#Cleaning the environment
rm(list=ls())
#Importing Dataset
setwd("/Users/nishantaneja/Desktop/Files_for_R")
sales_order = read.csv("sales_order.csv", stringsAsFactors = FALSE)
#Loading dplyr
library(dplyr)
##
## Attaching package: 'dplyr'
## The following objects are masked from 'package:stats':
##
## filter, lag
## The following objects are masked from 'package:base':
##
## intersect, setdiff, setequal, union
#case_when()
case_when() allows us to add multiple if_else() statements and the code is much cleaner to read and understand for any user going forward :)
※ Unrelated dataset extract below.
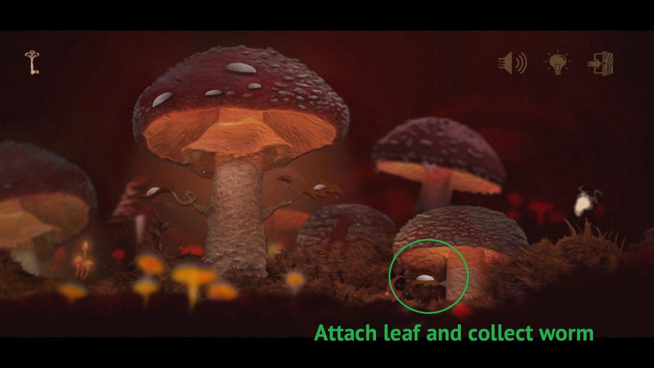 12. Attach the Bloody Leaf to the right-most mushroom. exit screen, return and collect the Worm from the leaf.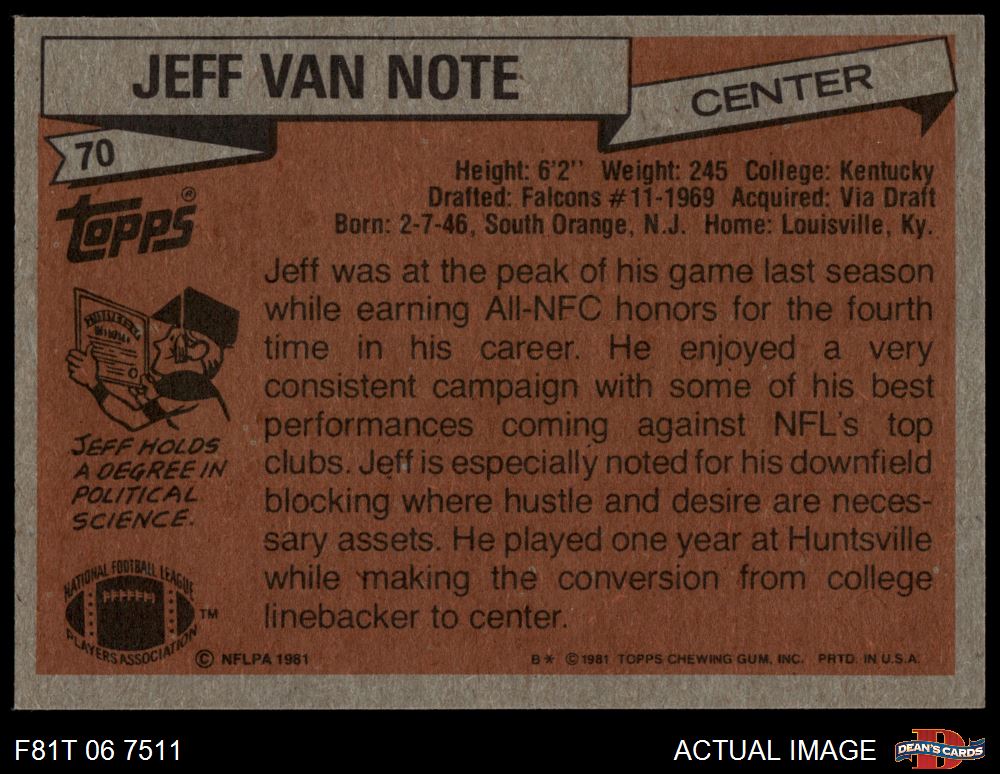 1981 Topps #70 Jeff Van Note 8 - NM/MT

case_when() is R equivalent of SQL CASE WHEN statements, if no cases match, NA is returned.
Syntax is as follows:
case_when(
condition1 ~ value1,
condition2 ~ value2,
condition3 ~ value3,
TRUE ~ value_for_everything_else_not_covered_by_conditions
)
Using case_when() inside mutate() helps when you want to rely on complex combination of existing variables…
mean(sales_order$Total)
## [1] 456.4623
sales_order_1 = sales_order %>%
mutate(sale_type = case_when(Total > 456 ~ "Sale above Avg.",
Total < 456 ~ "Sale below Avg.",
TRUE ~ "other"))
Let’s play with units now…
sales_order_2 = sales_order %>%
mutate(unit_bucket = case_when(Units >= 0 & Units <=30 ~ "0 - 30",
Units >30 & Units <=50 ~ "31 - 50",
Units >50 & Units <=100 ~ "51 - 100",
TRUE ~ "other"))
As we can see we can categorize a column in buckets by using case_when() instead of using multiple if_else() statements
Thanks for Watching :)